Quant au corps enseignant, le ministre rappelle que son département a recruté, à travers les académies régionales, 24.000 contractuels dont 11.000 ont déjà retrouvé leur classe. Et de préciser que ces derniers ont été sélectionnés parmi 135.000 candidats et que leur niveau "suscite de bons échos".

Sur le point de l'amélioration des conditions au sein des écoles, interrogé par le HuffPost Maroc sur la recrudescence de la violence au sein des écoles, le ministre répond qu'il veut agir par la prévention et la sanction. "La prévention se fera dans les classes et tout cas de violence, qu'il soit verbale ou physique, qu'il fasse l'objet d'une plainte ou non, sera sanctionné. Impossible d'accepter la violence dans nos écoles", affirme-t-il.

Le fond et la forme

Améliorer la qualité de l’enseignement passe aussi par la forme. Pour le ministre, "hors de question qu’un enseignant se présente avec des espadrilles et un jean déchiré". 9.917 établissements scolaires et 799 internats ont été réhabilités, annonce M. Hassad en projetant les images de devantures d’écoles et de classes réaménagées. Et d'insister sur l’importance, pour chaque école, de faire preuve de "dynamique" à travers son directeur et ses enseignants. "Nous sommes conscients que peindre une devanture ne va pas résoudre le problème de l’éducation nationale. Nous comptons sur les enseignants, pour cela. C’est sur eux que repose fondamentalement la réforme".

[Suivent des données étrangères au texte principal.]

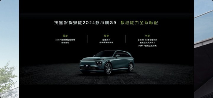 新款 G9 的「加法」做在了架構技術(shù)上,2024 版的 G9 將會(huì )標配更多扶搖架構的核心技術(shù)。何小鵬認為,盡管去年的 G9 也使用了相當多扶搖架構的技術(shù)元素,但小鵬認為新款能夠在智能、電能以及性能上做得更加出色。

Le ministre se dit ainsi favorable à la demande de formation continue que revendiquent les enseignants précisant que son département passera bientôt à l'action.

"Pour chaque 10 établissements, on affectera 2 inspecteurs, pour un suivi continu tout au long de l’année", prévient-il. Et de souligner que les cas d’absence des enseignants feront désormais l’objet de rapports mensuels qui seront rendus publics. "Plus de 75% des enseignants n’ont jamais déposé de certificat médical, mais on ne parle que de ceux qui s’absentent", fait-il remarquer.

Complémentarité et mesure parallèles

Autre nouveauté de la rentrée, le ministre annonce, aussi, la possibilité, pour l’élève de profiter "d’une année sabbatique" s’il veut s’essayer à la formation professionnelle". Quatrième objectif de la stratégie du ministre, la complémentarité entre école et formation professionnelle sera donc renforcée. Concrètement, cet objectif porte, entre autres, sur l’élargissement du cycle professionnel collégial, pour couvrir 251 collèges et 14.477 élèves au titre de cette année scolaire. Le nombre d’élèves bénéficiaires passera ainsi de 6.600 (2016) à 14.477, cette année. Et pour étoffer l’offre, deux nouvelles filières au niveau du baccalauréat professionnel ont été créées.

Pour ce qui est du cinquième et dernier objectif, il porte sur la mise en place des conditions à même de garantir le lancement effectif de la scolarité. Le ministre estime que la période de réinscription des élèves peut se faire bien à l'avance au mois de juin afin de permettre à l’école de mieux se préparer à la rentrée scolaire.